In conclusion, we present the first macrocyclic peptide inhibitors of ZIKVpro identified through a RaPID screening technique that is orthogonal to conventional high-throughput approaches. With a single selection screen and no further optimizations, we identified unnatural peptides of remarkable affinity, inhibitory activity, and target selectivity. Most importantly, our results indicate that noncompetitive inhibitors can be made that are highly active and may present excellent options for probes, tools, and potential drug candidates in comparison to active-site inhibitors that have been unsuccessfully pursued for a very long time. Future work will assess whether a combination of competitive and noncompetitive inhibitors indeed offers a superior approach for the development of antiviral agents against Zika, dengue, and related viral infectious diseases.

Acknowledgments

C.N. thanks the Alexander von Humboldt Foundation for a Feodor Lynen Research Fellowship. Financial support by the Australian Research Council, including a Laureate Fellowship for G.O. is gratefully acknowledged. This work was also partially supported by CREST for Molecular Technologies, JST, and JSPS KAKENHI (16H06444 and 26220204) to H.S. C.K. acknowledges support by the Deutsche Forschungsgemeinschaft (KL-1356/3-2). We thank Mrs. Natascha Stefan for technical support.

Biographies

Christoph Nitsche studied chemistry and business administration. He obtained his Ph.D. from Heidelberg University on the discovery of dengue virus protease inhibitors in 2014, for which he was awarded the Ph.D. prize for medicinal chemistry by the German Chemical Society (2015). He has since worked as a Feodor Lynen Fellow at the Australian National University (2015–2018) and as a Rising Star Fellow at the Free University of Berlin (2018–2019). In 2019, he received a Discovery Early Career Research Award (DECRA) from the Australian Research Council to start his research group on new technologies for drug discovery and bioconjugation.

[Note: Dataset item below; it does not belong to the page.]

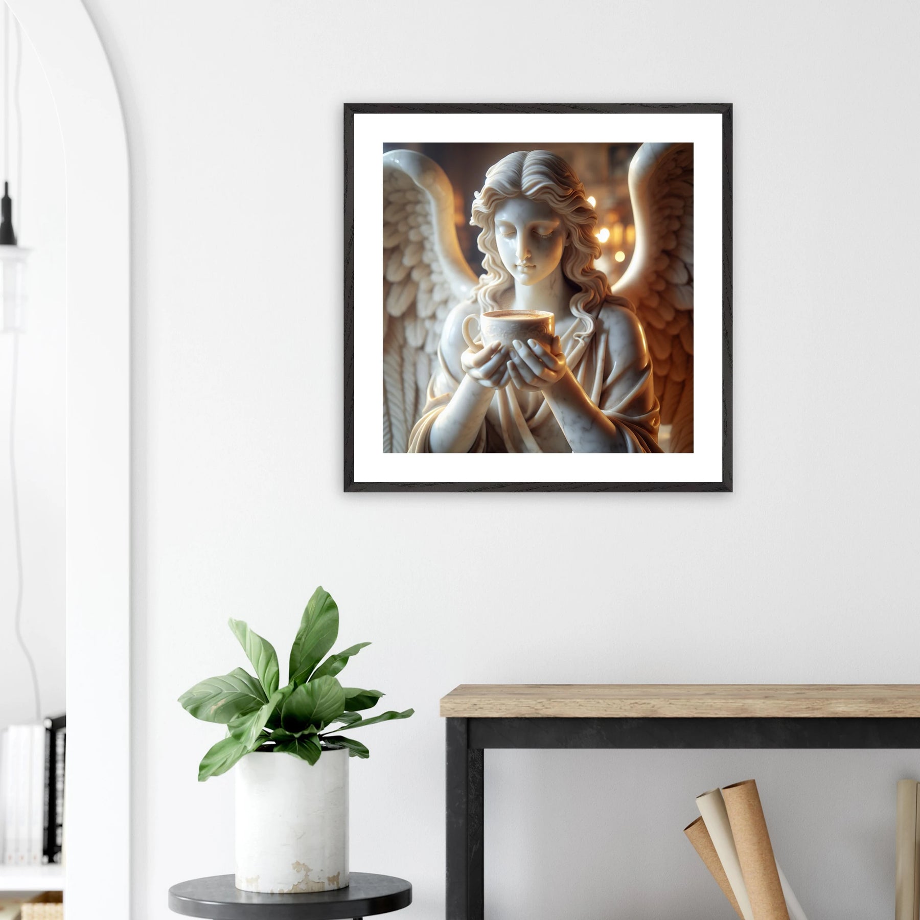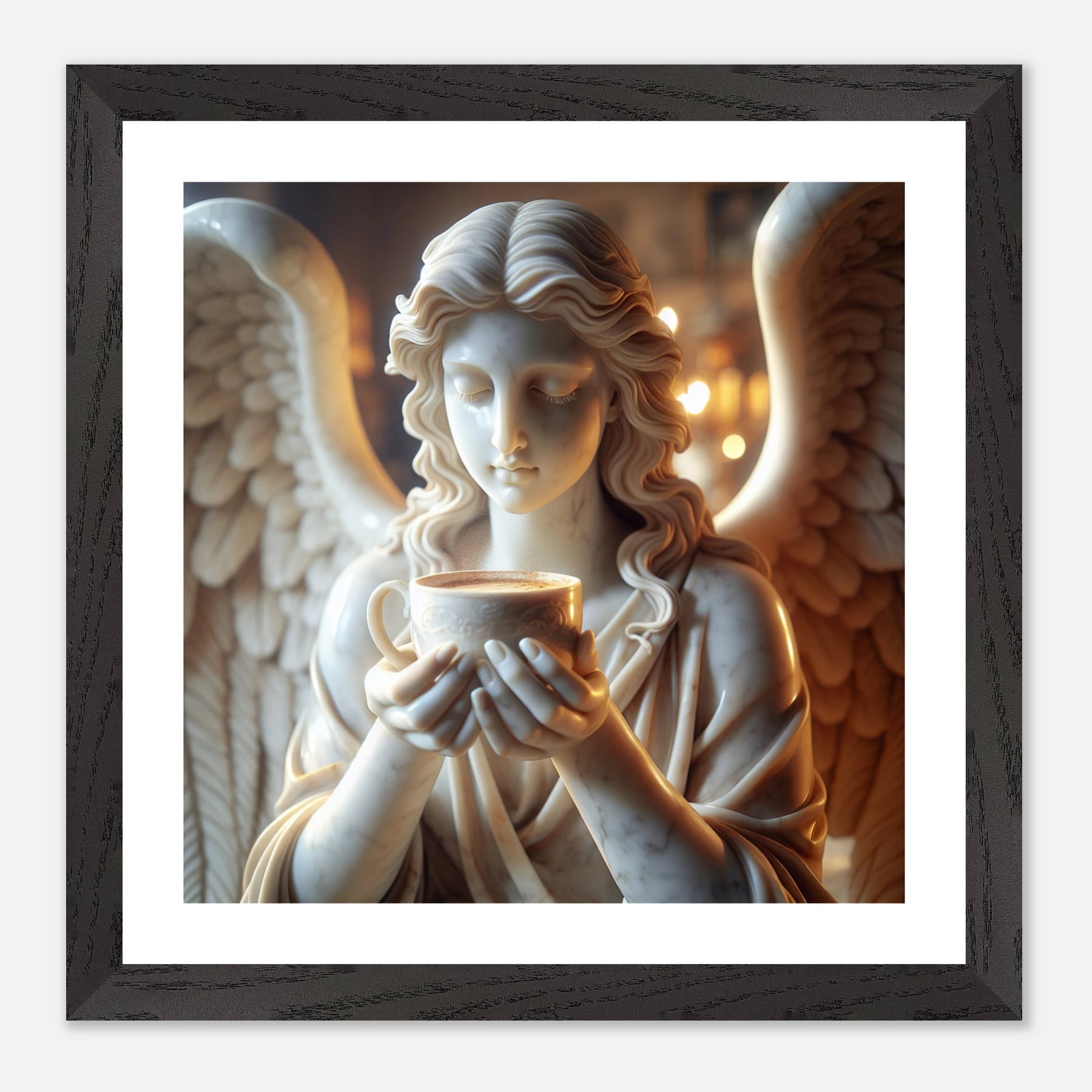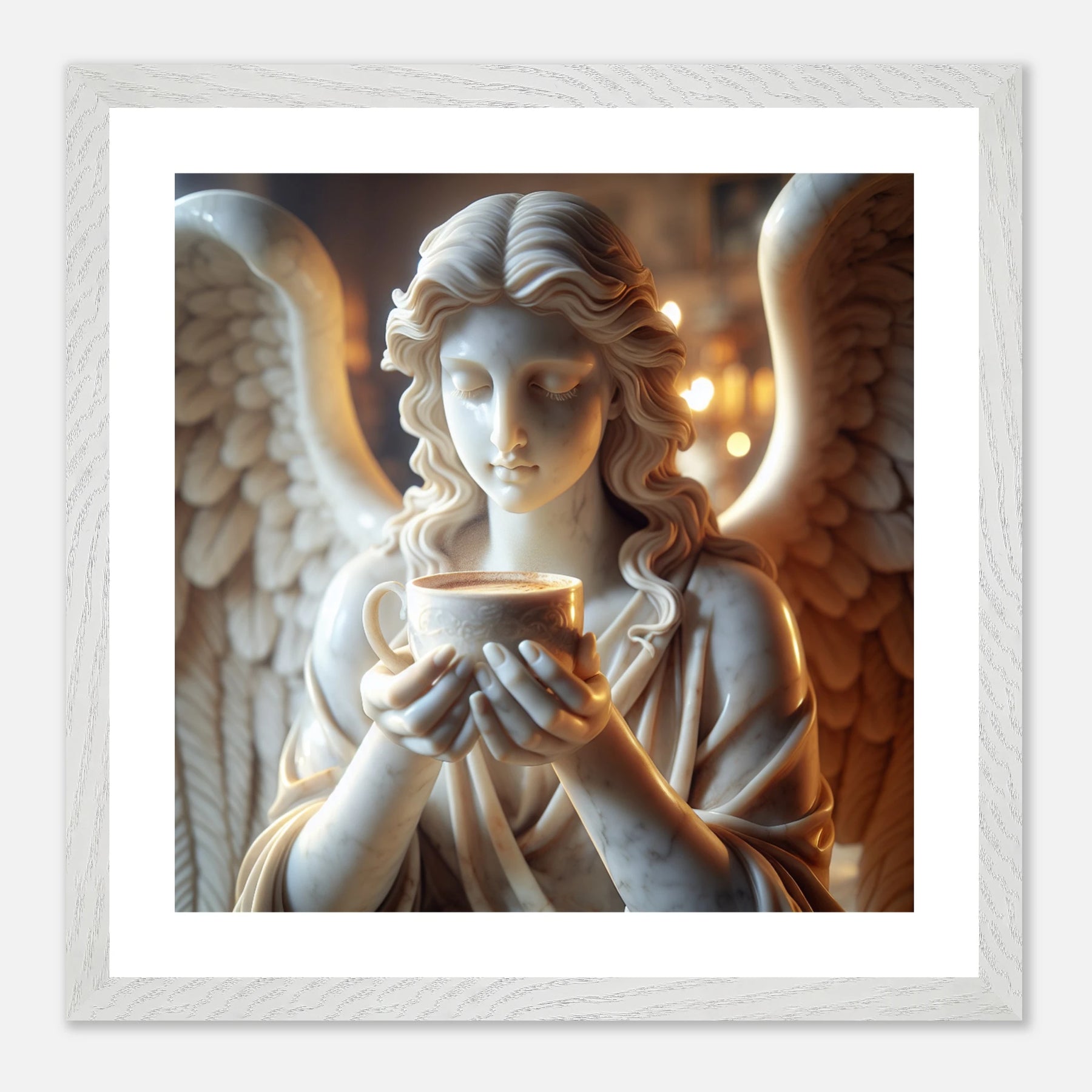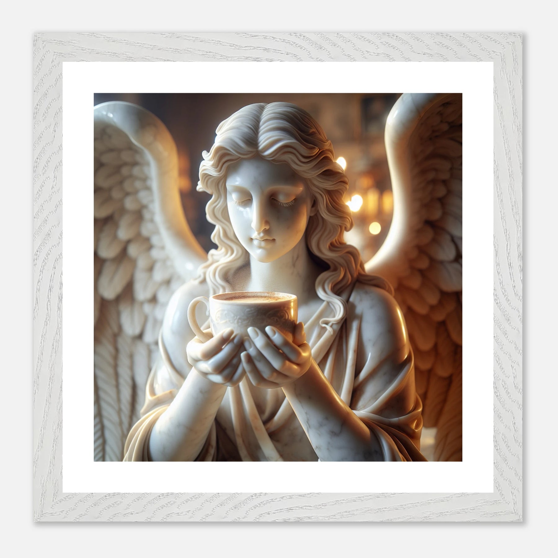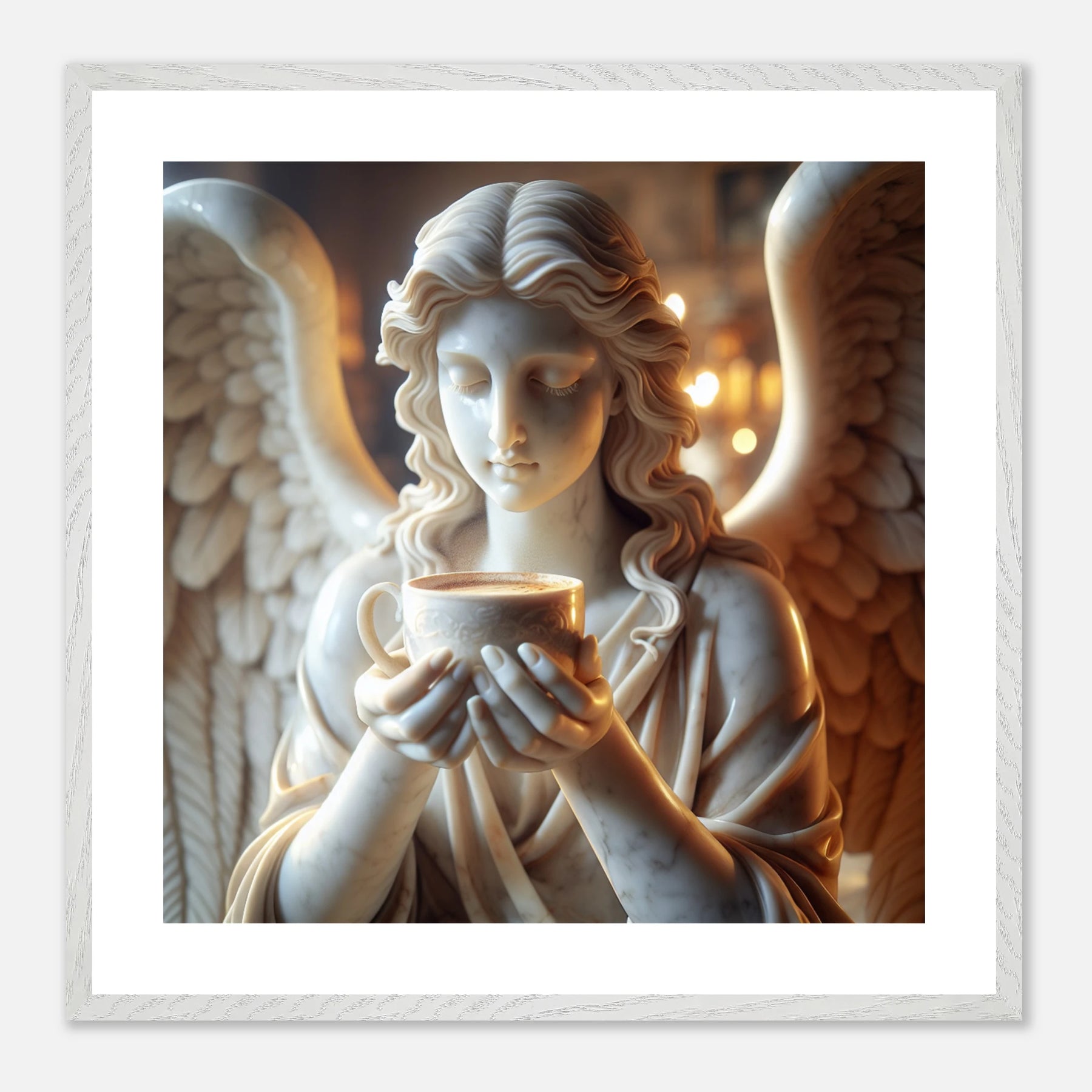 Premium Poster im Rahmen mit Marmorengel und Kaffeetasse – moderne Ruhe & spirituelle Ästhetik für dein Zuhause | Dreaming Wings

Hiroaki Suga is a Professor of the Department of Chemistry, Graduate School of Science in the University of Tokyo. He received Ph.D. at MIT (1994) followed by post-doctoral fellow in Mass General Hospital. He was Assistant and tenured Associate Professor in the SUNY at Buffalo (1997–2003) and Professor in the Research Center for Advanced Science and Technology in the University of Tokyo (2003–2010). Since 2010, he has remained in his current position. He is the recipient of Akabori Memorial Award 2014, Max-Bergmann Medal 2016, and Nagoya Medal Silver 2017. He is also a founder of PeptiDream Inc., Tokyo.

Supporting Information Available

The Supporting Information is available free of charge on the ACS Publications website at DOI: 10.1021/acsmedchemlett.8b00535.

  • Experimental details for Zika, dengue, and West Nile virus protease constructs and preparation, synthesis and screening of macrocyclic peptide library, solid phase peptide synthesis, surface plasmon resonance, enzymatic protease assays (Zika, dengue, West Nile, thrombin, trypsin), cellular assays. Figure S1 (RaPID screening process), Figure S2 (alignment of peptide sequences), Figure S3 (MS data), Figure S4 (SPR binding curves), Figures S5 and S6 (dose–response curves), Figure S7 (Huh-7 cell viability data), Table S1 (SPR kinetic parameters), Table S2 (DNA oligonucleotide sequences), Table S3 (nonlinear least-squares fitting parameters) (PDF)

Author Contributions

# These authors contributed equally. All authors have given approval to the final version of the manuscript.

The authors declare no competing financial interest.